Researchers at the University of Bern and University Hospital Bern have achieved a breakthrough in a particularly aggressive form of prostate cancer. In tissue samples from advanced brain metastases, they were able to establish the genetic profile of the cancer cells. These findings show for the first time that affected patients could benefit from target treatment, from which they have so far not been eligible.
Around 6,600 men are diagnosed with prostate cancer in Switzerland every year. It is the second most common cause of cancer-related death in men after lung cancer. Dangerous are advanced stages in which cancer cells have spread to other organs and form so-called metastases. However, unlike other cancers such as breast or lung cancer, the extremely dangerous metastases in the brain are very rare in prostate cancer. Only 1.5 percent of advanced cases have been diagnosed as brain metastatic prostate cancer (PCBM), according to a 2020 review study. As a result, PCBM cases have been poorly studied.
Researchers led by Mark A. Rubin of the University of Bern and University Hospital Bern have now filled this gap with the first major study of prostate cancer brain metastases. In their study, they described the molecular biological profile of PCBM cells. According to the study, these cells have clustered alterations in the cellular repair mechanism, which in healthy cells repairs everyday damage in the genetic strand.
The changes resemble the genetic signature of other cancers for which effective drugs are available. This is positive news. Because it means there's nothing standing in the way of targeted treatment for at least some of patients with PCMB".
Mark A. Rubin, director of the Department for BioMedical Research and president of the Bern Center for Precision Medicine at the University of Bern and University Hospital of Bern
The study was published online in the journal Nature Communications.
Alterations in the repair mechanism of cancer cells
In cancer cells, the cells' repair mechanisms are altered in such a way that they can no longer patch up certain damage in the genetic strand and therefore proliferate uncontrollably. In metastatic cells, an alternative repair mechanism steps into the breach, allowing the cancer cells to thrive. However, drugs known as PARP inhibitors specifically block this alternative repair mechanism and lead to the death of the cancer cells. However, these only work if the changes in the dangerous cells show a certain pattern in the primary repair mechanism.

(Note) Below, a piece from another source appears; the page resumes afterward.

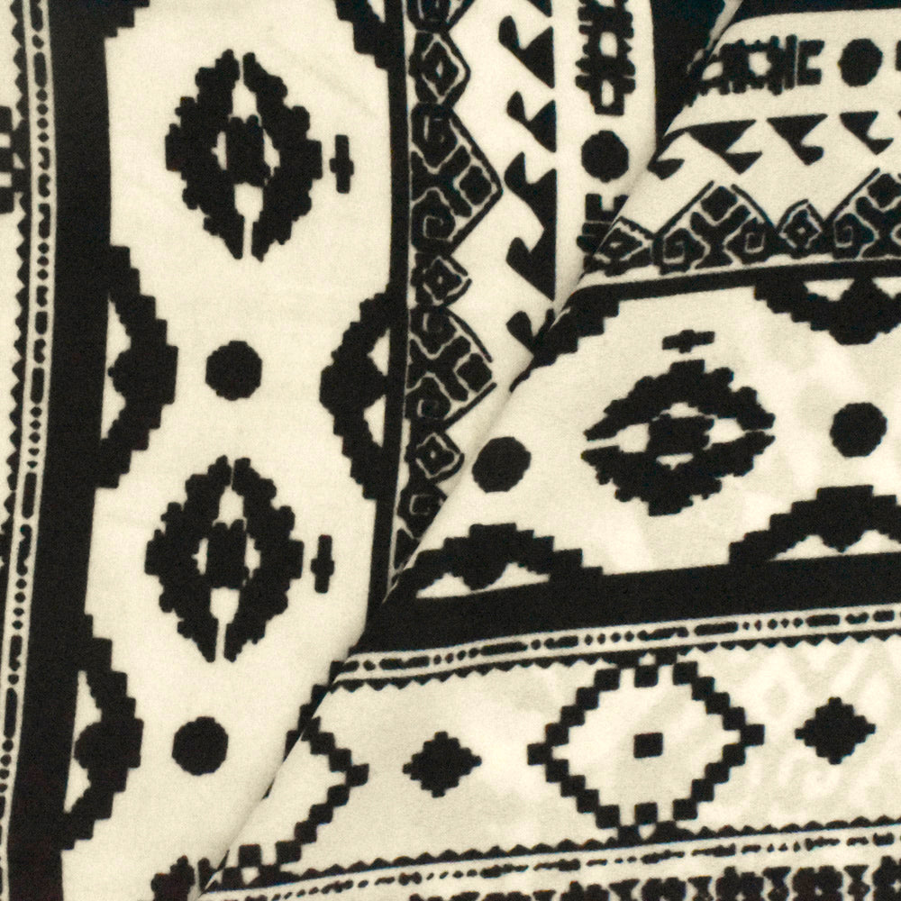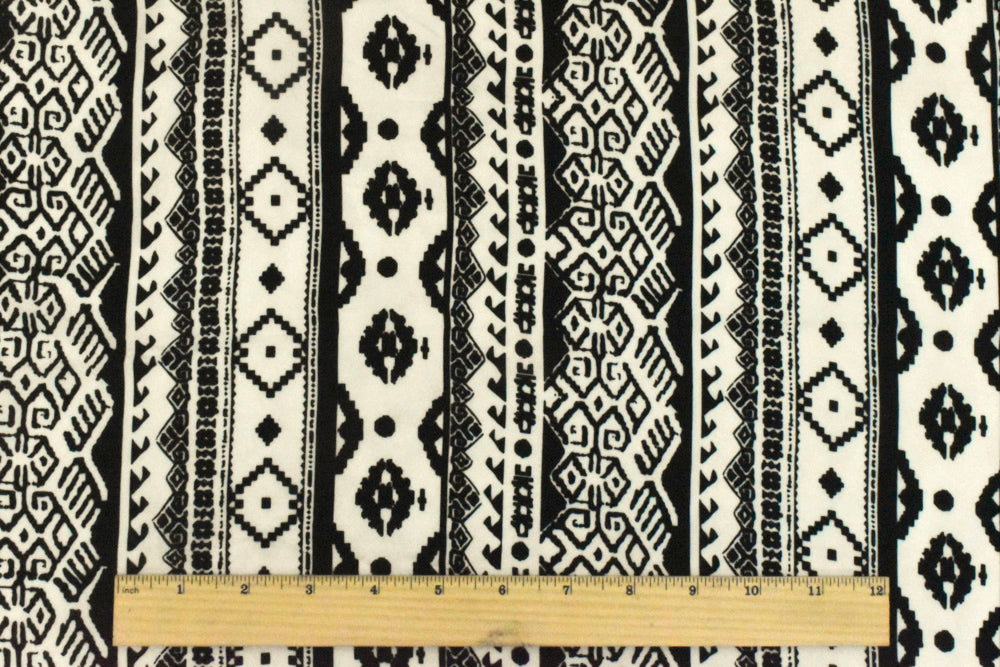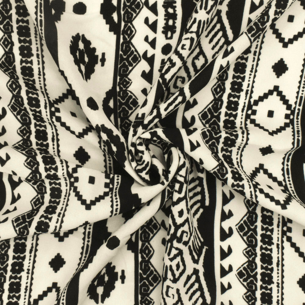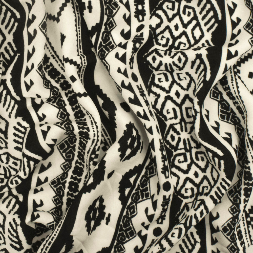 Milk Ivory-Black Aztec Printed Polyester Georgette Woven Fabric
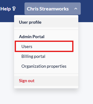 - Select 'Users' from the dropdown menu to access the Admin Portal.

In their study, the researchers examined prostate cancer brain metastases from 51 PCMB patients obtained from hospitals throughout Switzerland and from a partner institution in the USA. The analysis showed that alterations in the primary DNA repair mechanism were detected in all tested samples with brain-metastasizing prostate cancer cells. In about 20 percent of the patients studied, the researchers detected the exact genetic pattern in which, according to a study published in 2020, administration of PARP inhibitors significantly increased survival rates in those affected. "One in five patients with brain metastatic prostate cancer could therefore benefit from therapy with these targeted drugs",says Mark A. Rubin.

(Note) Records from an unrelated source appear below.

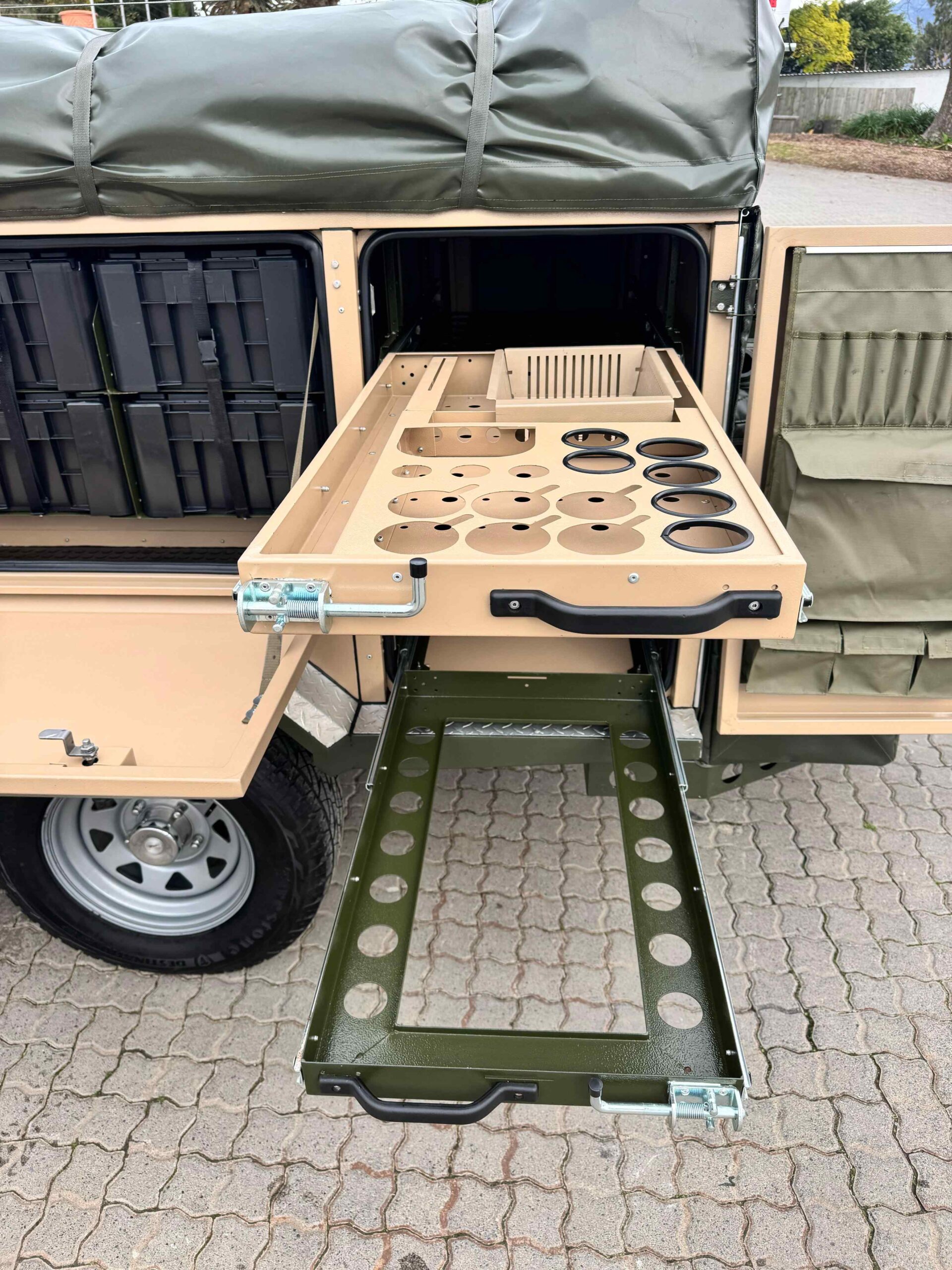 | Kitchen | Slide-out kitchen with worktop, storage, and space for a fridge (60–80L) |
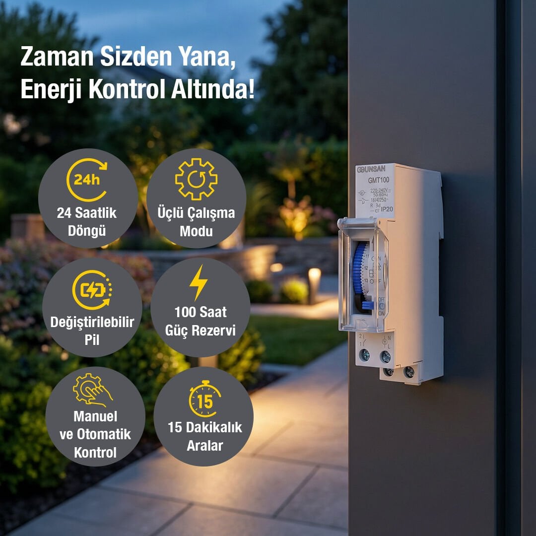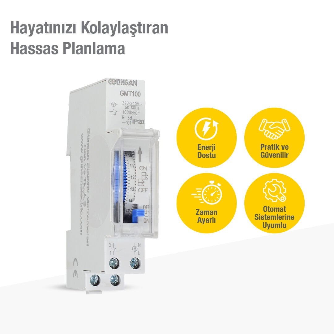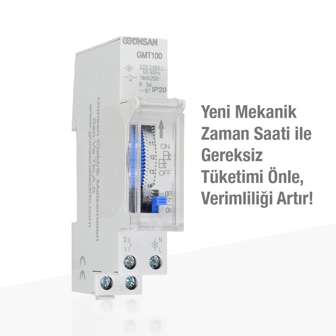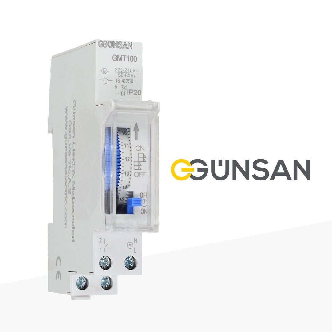 Günsan GMT100 Mekanik Zaman Saati, elektrikli cihazların belirlenen zaman aralıklarında otomatik olarak çalışmasını sağlayarak hem enerji tasarrufu hem de kullanım kolaylığı sunan güvenilir bir zaman kontrol çözümüdür. 24 saatlik döngü yapısı sayesinde günlük açma‑kapama programları pratik şekilde ayarlanabilir.
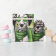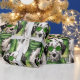 Um cão Dalmaciano com aparência excelente em óculos de sol verdes e um cachecol verde de inverno é modelado neste presente de cachorro para a temporada de férias ou qualquer ocasião para dar presentes.
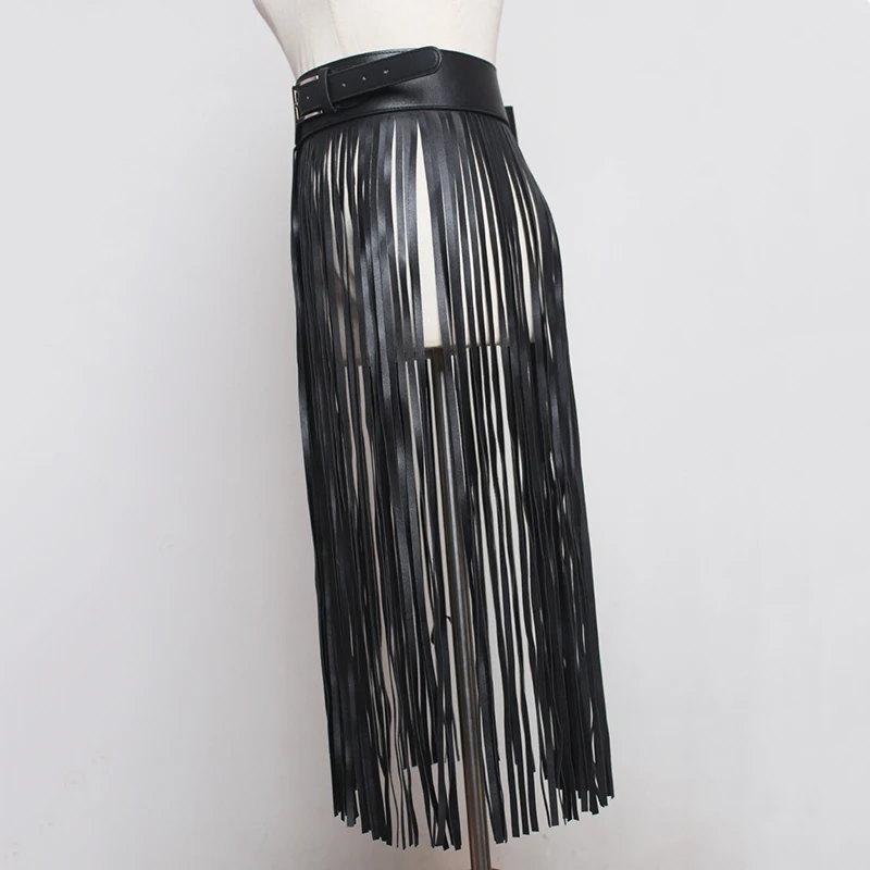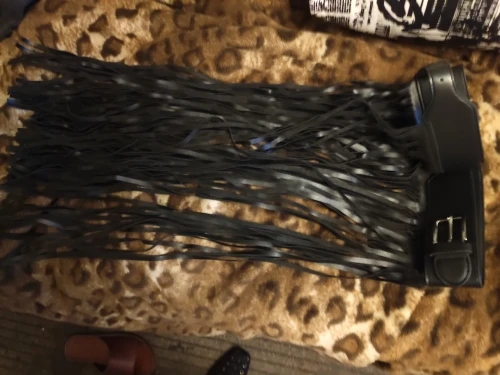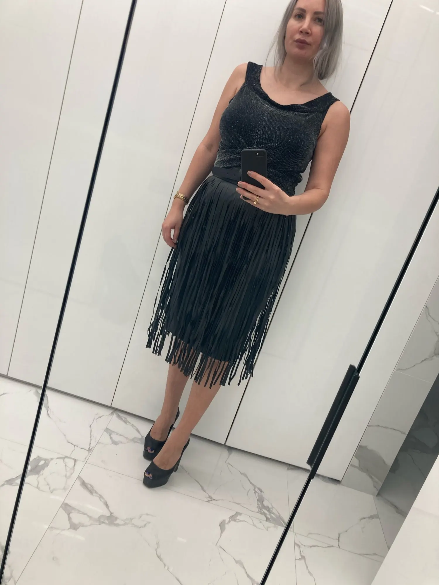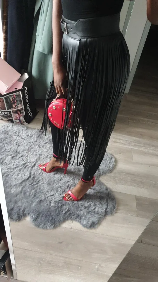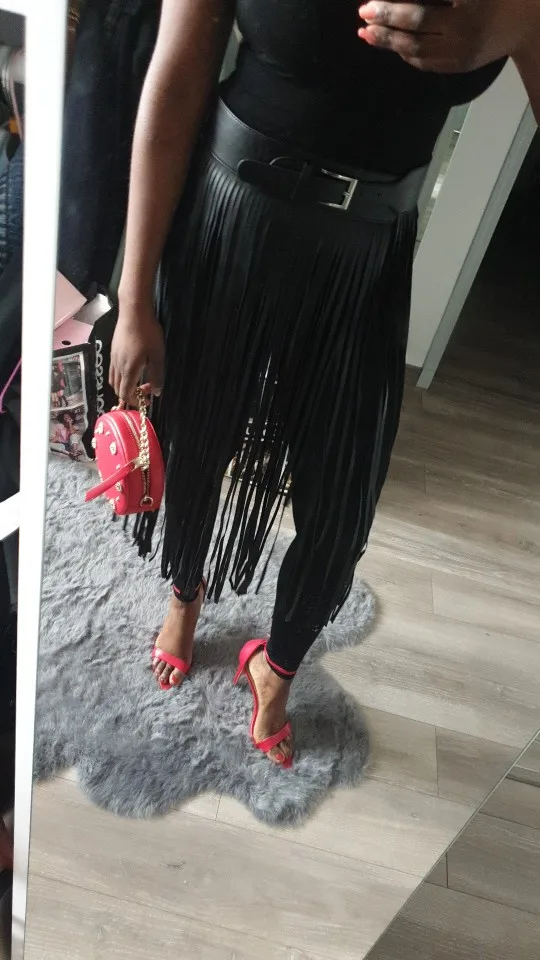 Натуральный дермантин. Чтобы бахрома закрывала полностью окружность, талия должна быть 72-86см. Обратная сторона бахромы не "кожа", прицепляется к одежде, приходится постоянно поправлять.

Prime example of precision oncology
At the same time, genomic analysis of brain metastases and comparison with other cancers opens new doors for basic research. "If we understand why there are fewer brain metastases in prostate cancer compared to other tumor types, we can learn in the future what changes in the cells make them malignant", explains Mark A. Rubin.
The work is also seen as a prime example of precision oncology in which treatment concepts are increasingly tailored to the specific patient. According to this approach, information on genetic profile of tumor cells of each individual patient is used to design a treatment using drugs that would target the specific alterations observed.
Rodriguez-Calero, A., et al. (2022) Alterations in homologous recombination repair genes in prostate cancer brain metastases. Nature Communications. doi.org/10.1038/s41467-022-30003-5.